Brian - 10 months ago 75

Python Question

I am experiencing what I think is weird behavior using cross product in

`numpy`

E.g., the following seems correct:

`r = 1e15`

a = array([1, 2, 3]) * r;

b = array([-1, 2, 1]) * r;

c = cross(a / norm(a), b / norm(b));

print(dot(c, a)) # outputs 0.0

But if we raise the exponent by 1, we get:

`r = 1e16`

a = array([1, 2, 3]) * r;

b = array([-1, 2, 1]) * r;

c = cross(a / norm(a), b / norm(b));

print(dot(c, a)) # outputs 2.0

The numbers get even more bizarre for larger values of the exponent. Does anyone know what is going on here? Thanks!

Answer

You are seeing round-off error. By default, `array()`

returns an object with `dtype=float64`

. As you make `r`

bigger and bigger, you're running out of mantissa spaces to represent the array products exactly.
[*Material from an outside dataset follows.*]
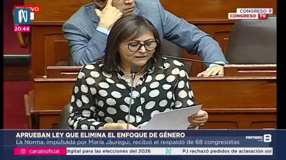 El Congreso de la República aprobó por mayoría una ley que elimina el uso del enfoque de género en políticas públicas, documentos oficiales y programas estatales. La norma fue respaldada por 68 votos a favor y fue impulsada por la congresista Milagros Jáuregui de Renovación Popular.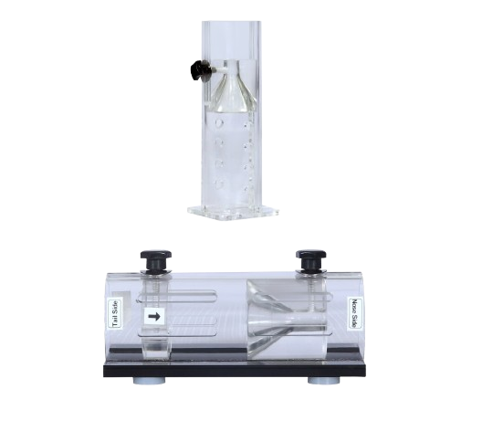 Flat bottom restrainers are manufactured from perspex cylinders mounted on a flat black perspex base. All the models have free access through both extremes, by opening the respective tilting door that is fixed by a screw at the upper part of the restrainer.

Here's a way to test this:

```
def testcross(r, dt):
a = array([1, 2, 3], dtype=dt)*r
b = array([-1, 2, 1], dtype=dt)*r
c = cross(a/norm(a), b/norm(b))
return dot(c, a)
for rr in logspace(4, 15, 10):
print "%10.2f %10.2f %g" % (testcross(rr, float32), testcross(rr, float64)
```

With the result:

```
-0.00 0.00 10000
0.00 -0.00 166810
0.00 0.00 2.78256e+06
-4.00 0.00 4.64159e+07
-64.00 0.00 7.74264e+08
1024.00 0.00 1.29155e+10
0.00 0.00 2.15443e+11
-524288.00 0.00 3.59381e+12
0.00 -0.02 5.99484e+13
-134217728.00 0.00 1e+15
```

Notice things aren't "perfect" even for `float64`

with `r=5.99484e13`

. This shows that the precision is starting to fall apart long before you get to `r=1e15`

, even for `float64`

. As expected, things are much worse with the less-precise `float32`

.

Following up on OP's suggestion: the mantissa fields for 32 and 64 bit floating point representation are 24 and 53 bits, respectively (including the implied bit). Taking `log10([2**24, 2**53])`

, we see that this corresponds with about 7 and 16 orders of magnitude respectively. This corresponds with the tabulated errors showing up around `r=4.6e7`

for `float32`

and `r=1e16`

as originally noted. The round-off happens when the dot-product causes the underlying matrix calculation to subtract large numbers, and the differences can't be represented one or the other large number's mantissa.